Exercise ▸ The answer is to be the lines below that lie between the line holding "2019年高考志愿填报时间安排、" and the line holding "12月22日,校黨委書記曾武", inclusive, transcribed exactly and free of pictures.

Data ▸
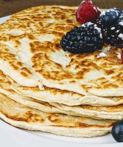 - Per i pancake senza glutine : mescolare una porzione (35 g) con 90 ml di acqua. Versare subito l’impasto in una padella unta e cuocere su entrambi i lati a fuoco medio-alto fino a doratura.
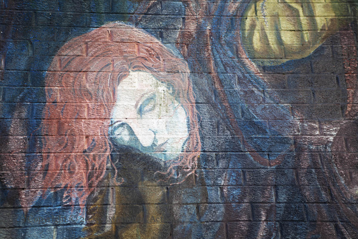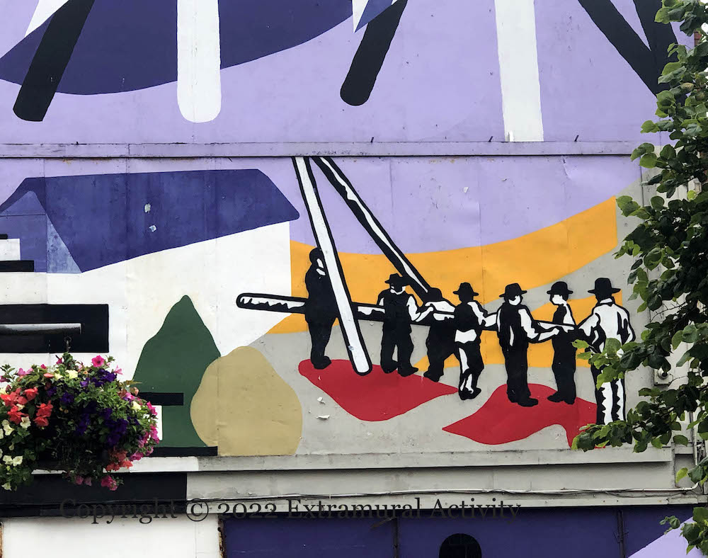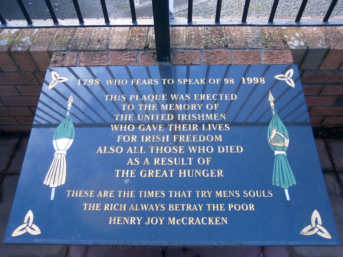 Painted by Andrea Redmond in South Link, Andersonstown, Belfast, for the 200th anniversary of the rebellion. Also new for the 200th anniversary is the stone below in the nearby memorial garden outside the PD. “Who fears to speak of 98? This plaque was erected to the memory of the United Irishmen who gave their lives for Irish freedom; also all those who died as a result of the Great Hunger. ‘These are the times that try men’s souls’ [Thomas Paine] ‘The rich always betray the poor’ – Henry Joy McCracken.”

...

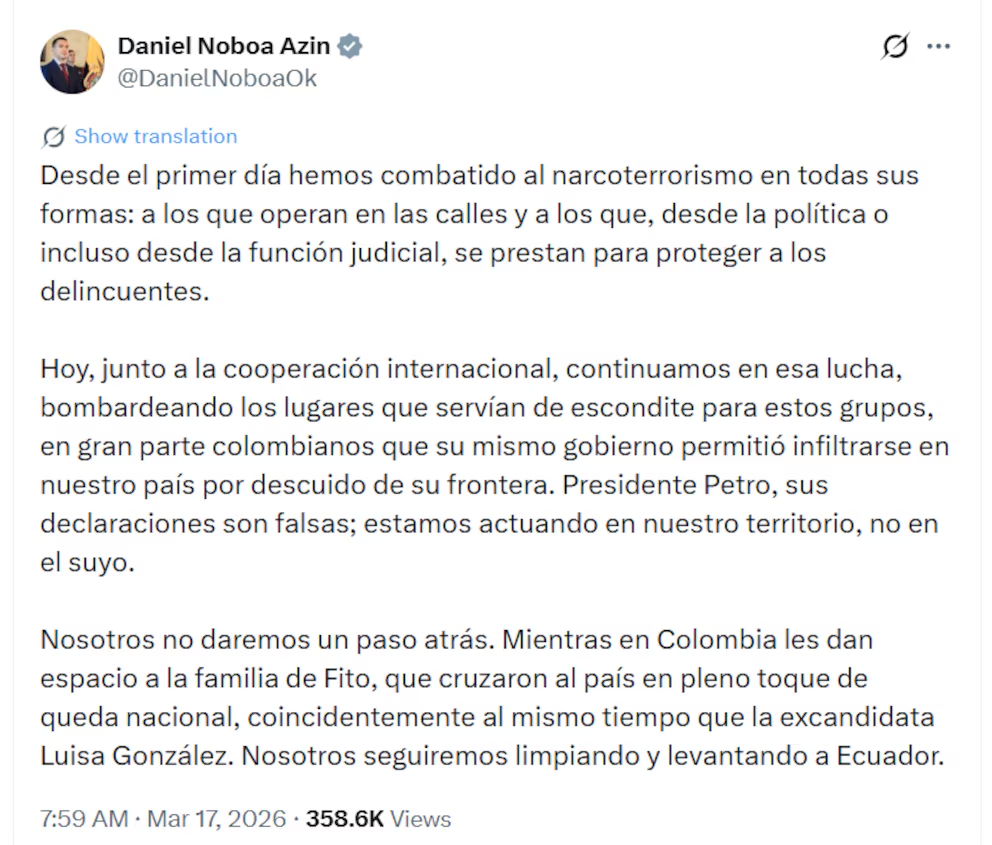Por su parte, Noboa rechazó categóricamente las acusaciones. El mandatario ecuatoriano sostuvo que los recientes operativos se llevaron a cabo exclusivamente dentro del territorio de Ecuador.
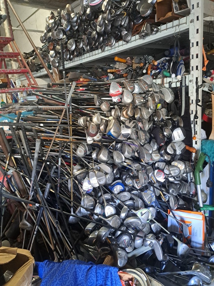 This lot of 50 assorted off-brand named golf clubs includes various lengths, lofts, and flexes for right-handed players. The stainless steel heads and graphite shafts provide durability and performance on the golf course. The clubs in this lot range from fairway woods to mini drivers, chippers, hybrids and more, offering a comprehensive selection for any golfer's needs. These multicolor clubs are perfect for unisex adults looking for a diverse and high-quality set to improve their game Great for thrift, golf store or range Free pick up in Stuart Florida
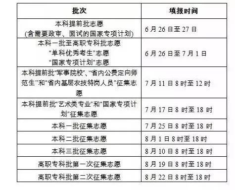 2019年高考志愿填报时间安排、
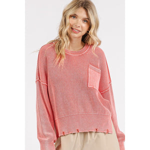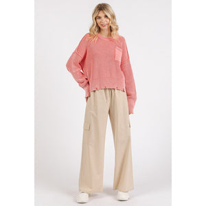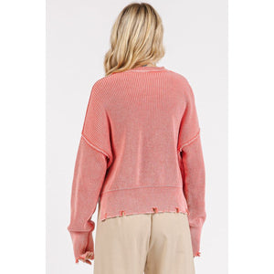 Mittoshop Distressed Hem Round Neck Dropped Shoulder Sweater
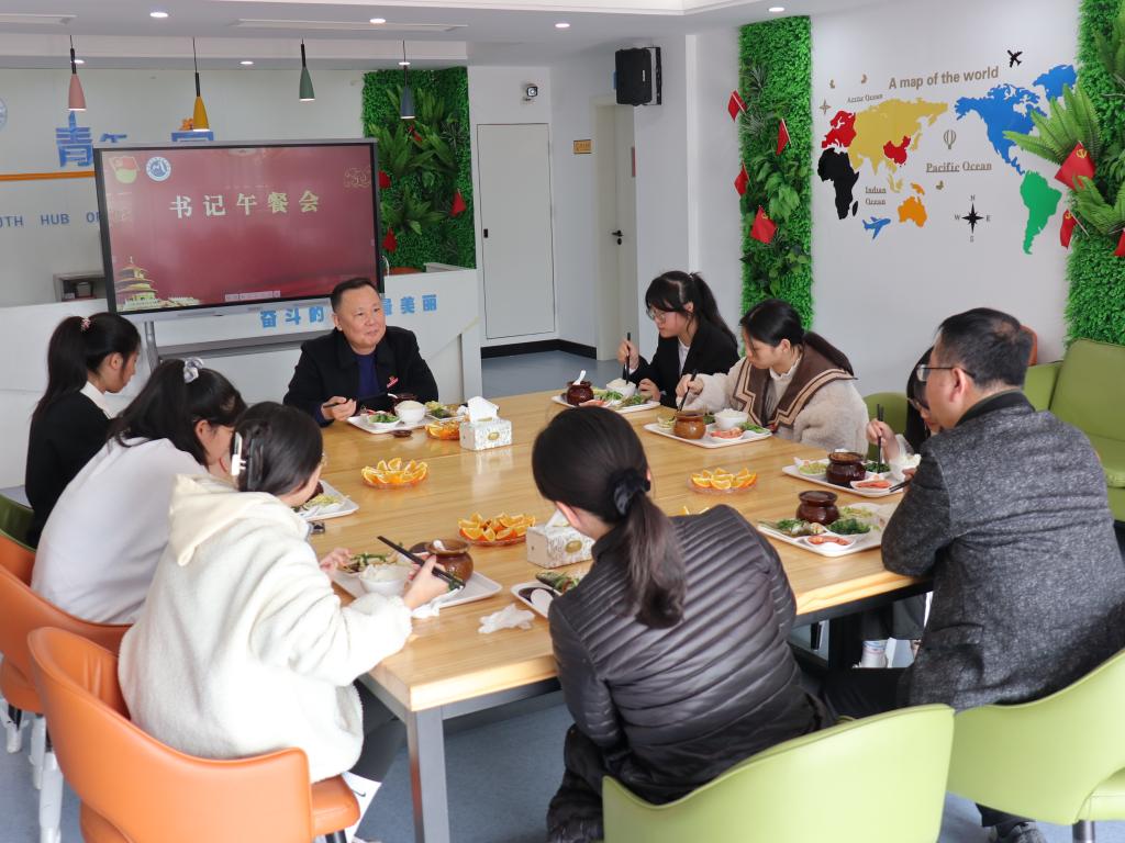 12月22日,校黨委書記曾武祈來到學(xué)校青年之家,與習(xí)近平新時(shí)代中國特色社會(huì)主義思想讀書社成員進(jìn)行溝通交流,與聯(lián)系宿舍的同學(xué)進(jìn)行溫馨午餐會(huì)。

Solution to this problem ▸
 2019年高考志愿填报时间安排、
 Mittoshop Distressed Hem Round Neck Dropped Shoulder Sweater
 12月22日,校黨委書記曾武祈來到學(xué)校青年之家,與習(xí)近平新時(shí)代中國特色社會(huì)主義思想讀書社成員進(jìn)行溝通交流,與聯(lián)系宿舍的同學(xué)進(jìn)行溫馨午餐會(huì)。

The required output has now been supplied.